SPOJ #5 The Next Palindrome

"not more than 1000000 digits" means an efficient in-place solution is needed. My first solution was string<->int conversion based. It worked for small ints, but got TLE with large numbers.

Thanks to http://www.bytehood.com/spoj-the-next-palindrome/418/ that shed lights on me. The key idea is the same as my first idea: simply keep increasing digits near the center digit(s), and we only need figure out left half of the digits since it is mirrored palindrome. 

(I saw a lot of rejudge requests in SPOJ comments.. several erroneous results got returned from AC code. Mine's also rejected due to wrong answer - I think rejudge is needed)

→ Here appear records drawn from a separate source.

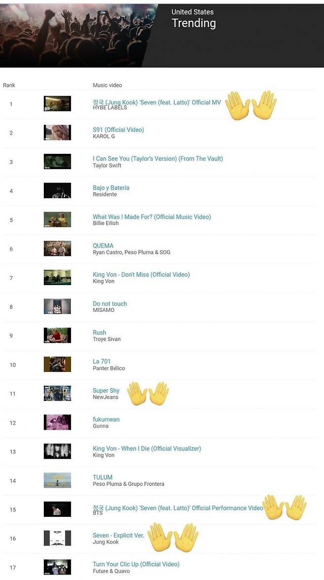 정국 팬덤에서는 “유튜브 시스템 곳곳에서는, 가령 트렌딩 차트나 온라인상에서 접근 가능한 chart raw data 등은 아직 아티스트 표기가 업데이트 된 정보로 보이지 않고 있다”면서 “유튜브 시스템상 초기 입력값이 수정되어도, 수정본이 반영되는데 시간이 걸릴 수도 있다. 주간 차트만을 운영하는 유튜브 시스템상 최초 설정값이 무조건 1주일 동안 적용될지도 모른다”고 우려를 표시했다.
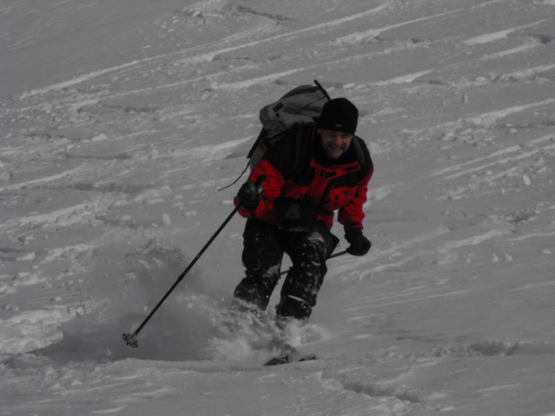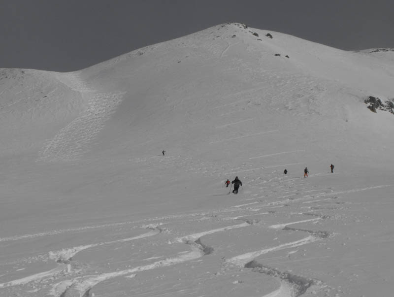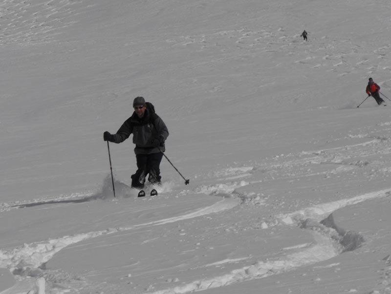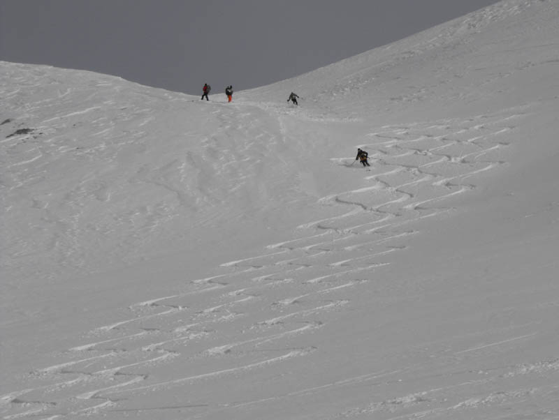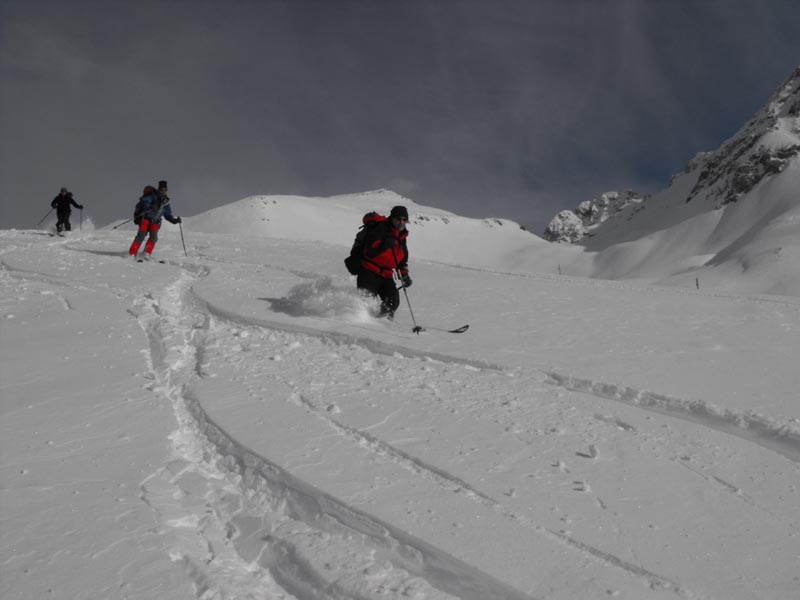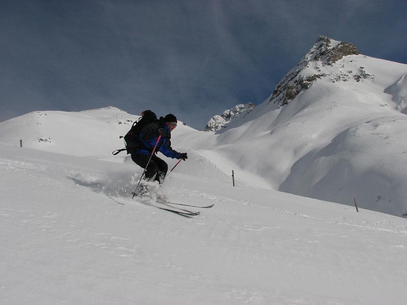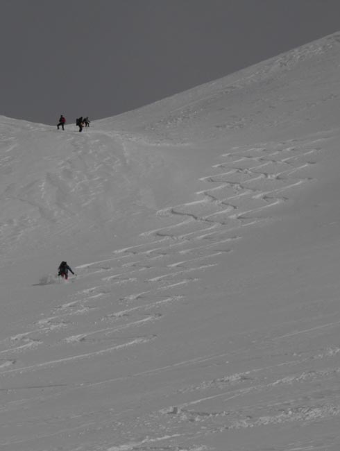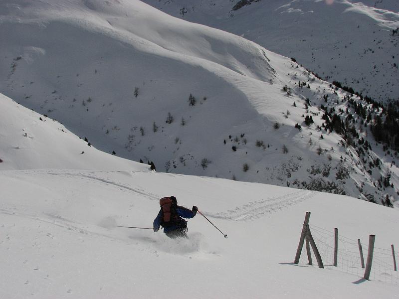 Für die Abfaht kam gleich nach den ersten Gratsrücken die Sonne wieder raus. Wir tasteten uns über die Rampe an die steilere Mulde, die wir dann einzeln befuhren. Der eine oder andere kam ganz schön ins Schnaufen, so an die 50 Schwünge in nicht ganz federleichtem Schnee am Stück durchzuziehen. Danach folgten weite, flacher Hänge und der Rücken neben der Lawinenverbauung, alles sehr genußreich
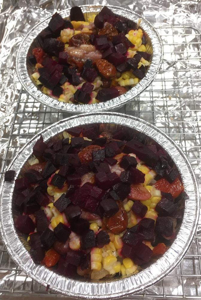 In this post, I erroneously identified the contents of the photos with a partial description of an other batch. That other batch was a lamb casserole done on 2025/12/21. I have 3 separate mentions of what might be in the batch but I believe it has: Lamb shank, stock, barley, Rancho Gordo Good Mother Stollard beans, onion, celery, carrot, fresh corn, slow roasted and fresh cherry tomatoes, and green pepper.
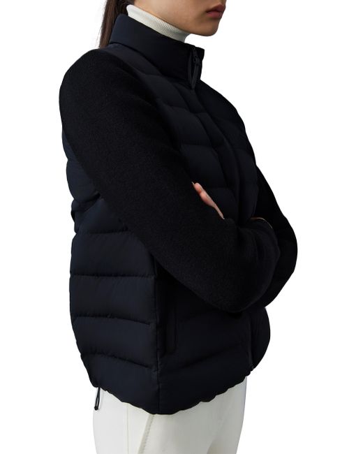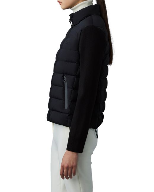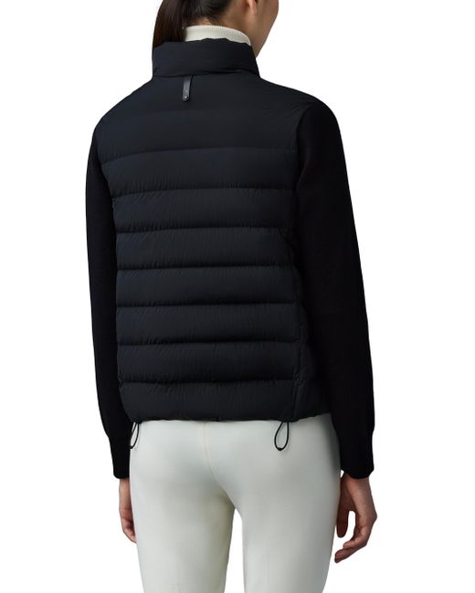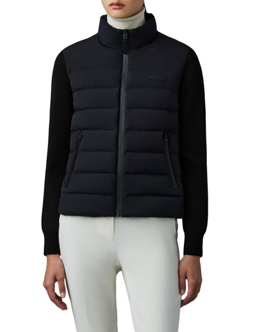 Mackage's Oceane jacket spotlights a nylon puffer bodice contrasted by wool-blend sleeves. This mixed-media style is complete with a tonal logo detail at the chest and warm down filling. Stand collar Logn sleeves, ribbed cuffs Side-zip pockets Front-zip closure 82% nylon/18% elastane Combo: 42% wool/42% acrylic/14% polyester/2% elastane Filling: 90% angora shed duck down/10% duck waterfowl feathers Machine wash Imported SIZE & FIT About 22" from shoulder to hem Model measurements: 5'10" tall Model is wearing a US size Small ABOUT THE BRAND Founded in Montreal in 1999, Mackage began as a comprehensive outerwear brand offering everything from fine leather jackets to tailored wool coats and down parkas. The label evolved to develop superior construction and comfort, creating flattering and elegant silhouettes. Mackage is committed to quality and performance with an eye toward aesthetic innovation in its women's, men's and kids' designs. Outerwear And Swimwear - Down > Mackage > Saks Fifth Avenue > Barneys. Mackage. Color: Black. Size: Small.
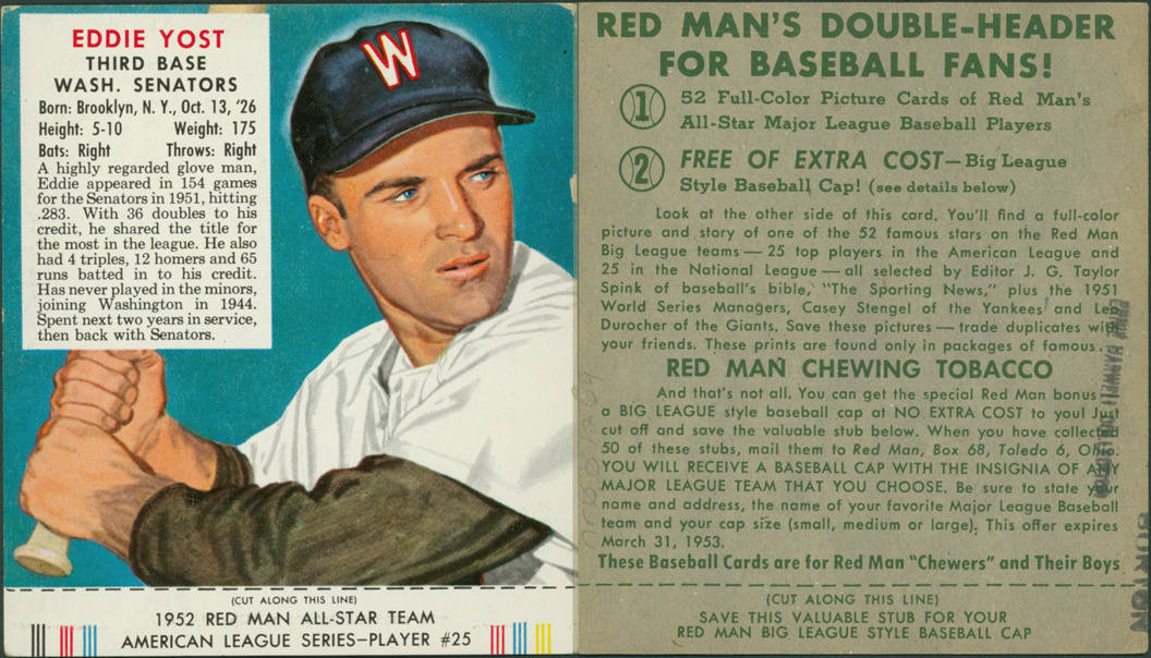 Portrait of Eddie Yost, third baseman for the Washington Senators. (T232) series. Printed on front: "Eddie Yost, third base, Wash. Senators. Born: Brooklyn, N.Y., Oct. 13, '26. Height: 5-10. Weight: 175. Bats: right. Throws: right. A highly regarded glove man, Eddie appeared in 154 games for the Senators in 1951, hitting .283. With 36 doubles to his credit, he shared the title for the most in the league. He also had 4 triples, 12 homers and 65 runs batted in to his credit. Has never played in the minors, joining Washington in 1944. Spent next two years in service, then back with Senators. 1952 Red Man All-Star team American League series, player #25." Printed on back: "Red Man's double-header for baseball fans! 1. 52 full-color picture cards of Red Man's all-star major league baseball players. 2. Free of extra cost, big league style baseball cap! (see details below). Look at the other side of this card. You'll find a full-color picture and story of one of the 52 famous stars on the Red Man big league teams -- 25 top players in the American League and 25 in the National League -- all selected by editor J.G. Taylor Spink of baseball's bible, "The Sporting News," plus the 1951 World Series managers, Casey Stengel of the Yankees and Leo Durocher of the Giants. Save these pictures -- trade these duplicates with your friends. These prints are found only in packages of famous Red Man chewing tobacco. And that's not all. You can get the special Red Man bonus -- a big league style baseball cap at no extra cost to you! Just cut off and save the valuable stub below. When you have collected 50 of these stubs, mail them to Red Man, Box 68, Toledo 6, Ohio. You will receive a baseball cap with the insignia of any major league team that you choose. Be sure to state your name and address, the name of your favorite major league baseball team and your cap size (small, medium and large). This offer expires March 31, 1953. These baseball cards are for Red Man 'chewers' and their boys. Save this valuable stub for your Red Man big league style baseball cap."
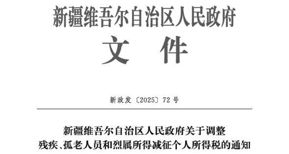 12月26日,自治区人民政府网站发布通知,调整残疾、孤老人员和烈属所得减征个人所得税。
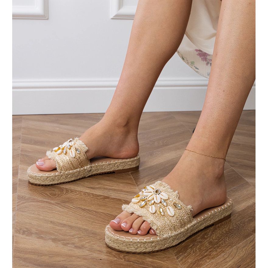 Les tongs dorés d'espadrilles avec des obus sont un incontournable dans la garde-robe de chaque femme à la mode, combinant le style et le confort. Leur couleur élégante et dorée attire l'attention et s'adapte parfaitement aux tendances estivales, ce qui fait que chaque stylisation gagne un caractère unique.
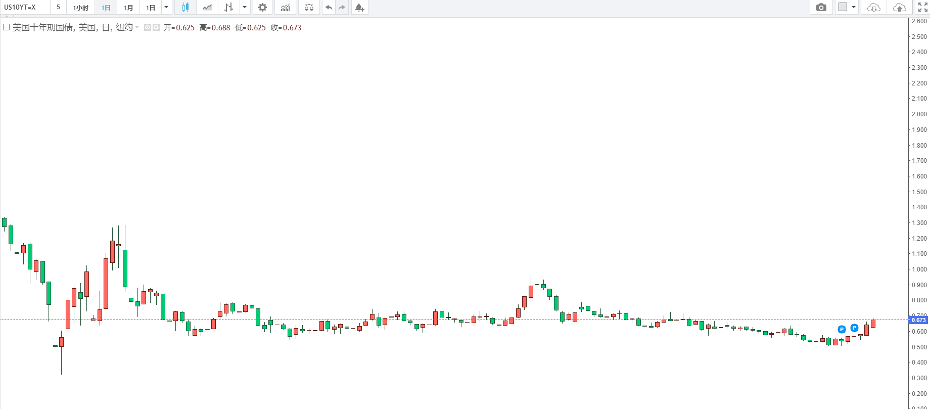 事实上,隔夜黄金、白银等贵金属的反弹较油价更为明显,其中黄金触及三周低位1862美元后大幅盘中大幅反弹逾4%,几乎收复日内全部跌幅;白银则自低位反弹逾11%至26.0上方;美元指数回落至93.43附近修整;十年期美债收益率则进一步攀升至五周高位0.688%。
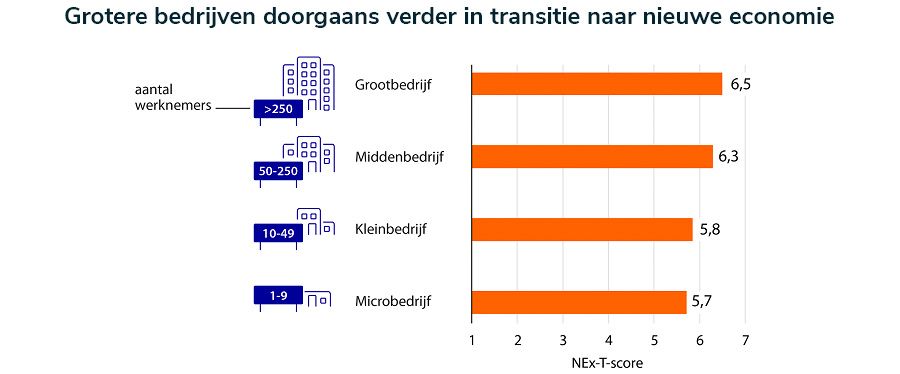 “En het hoeft financiële prestaties ook helemaal niet in de weg te staan. Uit ons onderzoek blijkt namelijk dat bedrijven met een hogere NEx-T score eerder meer dan minder omzet draaien. Sociale en ecologische waarden gaan dus prima hand in hand met financiële waarde.”
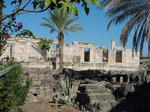 The synagogue at Capernaum where Jesus did much teaching
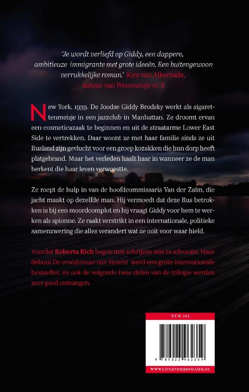 New York, 1939. In ‘De spionne van Manhattan’ van Roberta Rich heeft Giddy Brodsky geluk met haar baantje als sigarettenmeisje in een jazzclub in Manhattan, terwijl de Grote Depressie op zijn hoogtepunt is. Ze droomt ervan een cosmeticazaak te beginnen en de straatarme Lower East Side achter zich te laten, waar ze met haar familie woont sinds ze uit Rusland zijn gevlucht voor een groep Kozakken die hun dorp heeft platgebrand.
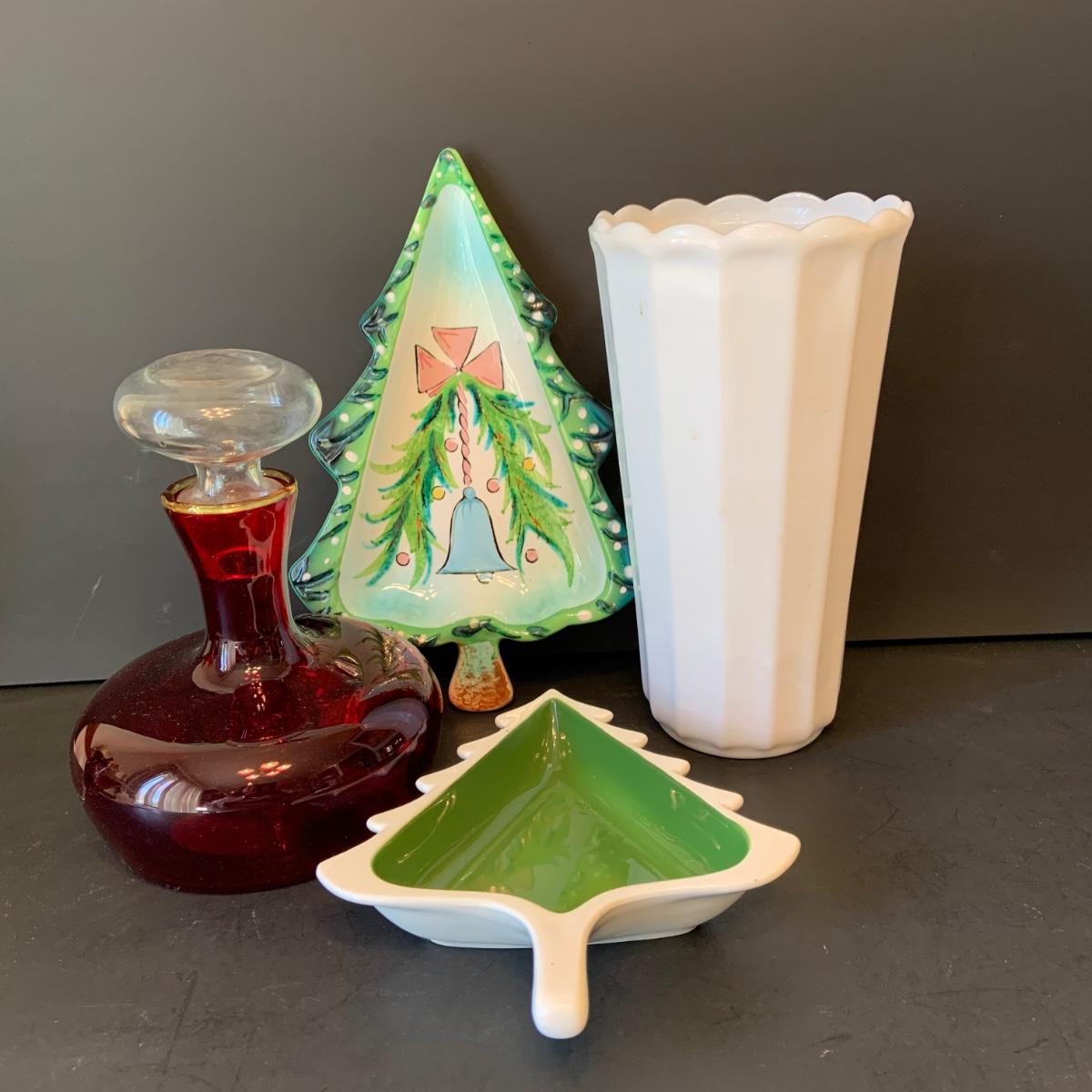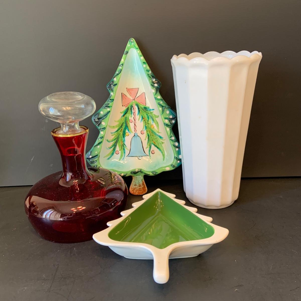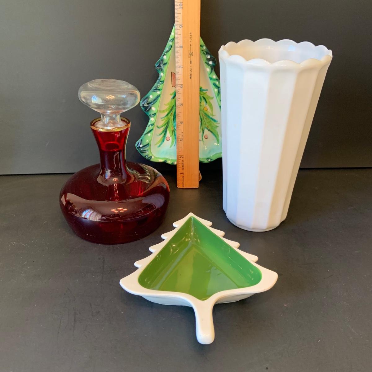 LOT:319G:  Vintage Christmas Decor Featuring 1959 Holt Howard Japan Tree Dish, Milk Glass Vase and Ruby Red Decanter and More

Corner cases are important to this problem: single digits, all 9s, carry-over situation etc. Here is my code:

#include <iostream>
#include <cstring>
#include <cstdlib>
using namespace std;

int dCarry = 0;
int findLgRInx(char *str, int len, int i_l)
{
    int i_mis = -1;
    int i = i_l;
    while(i-- >= 0)
    {
        if(str[i] > str[len - 1 - i])
        {
            i_mis = i;
            break;
        }
    }
    return i_mis;
}

void incLHalf(char *str, int len, int i_l)
{
    int i = i_l;
    while(i >= 0)
    {
        int d = str[i] - '0';
        if(d < 9)
        {
            str[i] = (d + 1) + '0';
            return;
        }
        else
        {
            str[i] = '0';
            if(i > 0)
            {
                int nd = str[i-1]-'0';
                if(nd < 9)
                {
                    str[i-1] = (nd + 1) + '0';
                    return;
                }                
            }
            else
            {
                dCarry = 1;
                return;
            }
        }
        i--;
    }
}

void copyl2r(char *str, int len, int i_l)
{
    int i = i_l;
    while(i >= 0)    
    {
        str[len-i-1] = str[i];        
        i--;
    }
}

void calc_next_palin(char *str)
{
    unsigned len = strlen(str);
    if(len == 1)        
    {
        int i = atoi(str);
        cout << (i + 1) + i / 9 << endl;
        return;
    }
    
    int i_l = 0, i_r = 0;
    if(len % 2 == 0)
    {
        i_l = len / 2 - 1;
        i_r = len / 2;
        int i_mis = findLgRInx(str, len, i_l);
        if(i_mis != -1)
        {
            copyl2r(str, len, i_mis);
            cout << str << endl; 
            return;
        }
        else
        {
            incLHalf(str, len, i_l);
            copyl2r(str, len, i_l);
            if(dCarry == 0)
            {
                cout << str << endl;                
            }
            else
            {
                cout << "1" << str << "1" << endl;                
            }
            return;
        }
    }
    else    //odd
    {
        int i_c = len / 2;
        int i_mis = findLgRInx(str, len, i_c + 1);
        if(i_mis != -1)
        {
            copyl2r(str, len, i_mis);
            cout << str << endl;            
        }
        else
        {
            int dmid = str[i_c] - '0';
            if(dmid < 9)
            {
                str[i_c] = (dmid + 1) + '0';                
            }
            else
            {
                str[i_c] = '0';
                incLHalf(str, len, i_c - 1);
                copyl2r(str, len, i_c);
            }
            if(dCarry == 0)            
            {
                cout << str << endl;
            }
            else
            {
                cout << "1" << str << "1" << endl;
            }
        }        
        return;
    }
}

int main() 
{
    int cnt; cin >> cnt;    
    if(cnt == 0) return 0;
    
    //
    while(cnt --)
    {
        string str; cin >> str;            
        calc_next_palin((char*)str.c_str());        
    }
    return 0;
}